Just a quick question on the part summary thing --

Is it the Vertices that you see in the part summary that make up the polygons or is it the faces thing that make up the polygons?

Just wondering if there's a way in Gmax to get an actual Polygon count so you can see where you're at and not be so confused.

I know Aerosoft's F-16 said they had close to 500,000 vertices, so I'm FAR from that in that aspect, about 80,000.

Just wondering what's what, so I don't go ewwwwww over my poly count.

Also, I know developing for FSX is different than for media. I know media can handle more, etc, so are two versions best, one for media and one for FSX?
 
The polygons are made from 3 or more vertices.
You can make airplanes for fsx that look good for media. There are a few tricks, like using the normal map or the texture for small or unnoticeable details intead of modeling them.
 
The game also goes by pure triangles. I 'think' the Polygon counter does triangles, but I dont know this for sure.

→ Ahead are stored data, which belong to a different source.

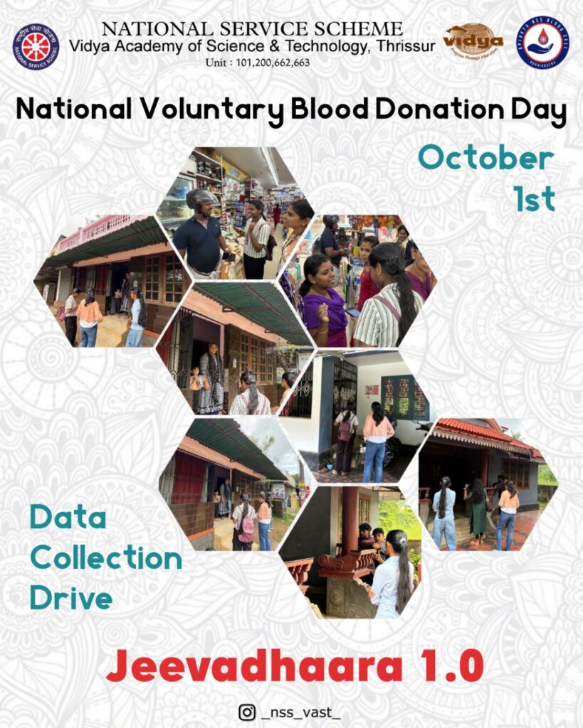 In observance of National Voluntary Blood Donation Day on 01 October 2025, the NSS Unit of Vidya organized a Blood Donors Registration Campaign at Velur Panchayath. The initiative was aimed at promoting awareness on the significance of voluntary blood donation and encouraging community members to register as potential donors for this life-saving cause
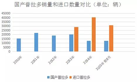 与此同时,普拉多的进口数量却在强势拉升。据国机汽车股份有限公司数据,2013年,普拉多进口量为28730辆,2014年提升至40126辆;而如今,2015年尚未收官,普拉多1-8月累计进口数量已经达到30896辆。
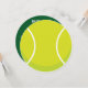 Esta bola de tênis estiva o convite de festas redondo temático apresenta uma bola de tênis amarela e branca na frente. A parte de trás do convite tem áreas modelo para você personalizar com as informações de sua parte.
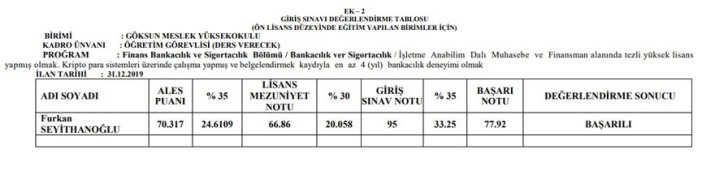 Yabancı dil puanı ise 70. Üniversite tarafından kendisine verilen giriş notunun 95 olmasıyla başarı notu da 78’e yükselen Seyithanoğlu, eniştesinin müdür olduğu yüksekokulda öğretim görevlisi olarak ders vermeye başladı. Enişte Doç. Dr. Orhan Ercan 13 Aralık 2018’de Göksun Meslek Yüksekokulu’na müdür olarak atanmıştı.
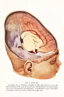- (en) Eardley Holland, « On Cranial Stress in the Fœtus during Labour and on the Effects of Excessive Stress on the Intracranial Contents; with an Analysis of Eighty-One Cases of Torn Tentorium Cerebelli and Subdural Cerebral Hæmorrhage. », The Transactions of the Edinburg Obstetrical Society, (PMCID PMC5424138)

Polygons in Gmax are Polys that could have 100 Vertices, but a gaming Poly is 3 sided, only 3 Vertices, which the Compiler will convert the model to, but adds smoothing groups as well to keep the Polys smooth looking in-game.
 

hairyspin

Resource contributor
The game also goes by pure triangles. I 'think' the Polygon counter does triangles, but I dont know this for sure.
If your mesh is Editable Poly you'll get one result from the polygon counter tool, if it's Editable Mesh you'll get another and bigger result; equal to the triangle count in E. Mesh afaik. The important thing is not to exceed 64K vertices per texture (iirc) for FSX.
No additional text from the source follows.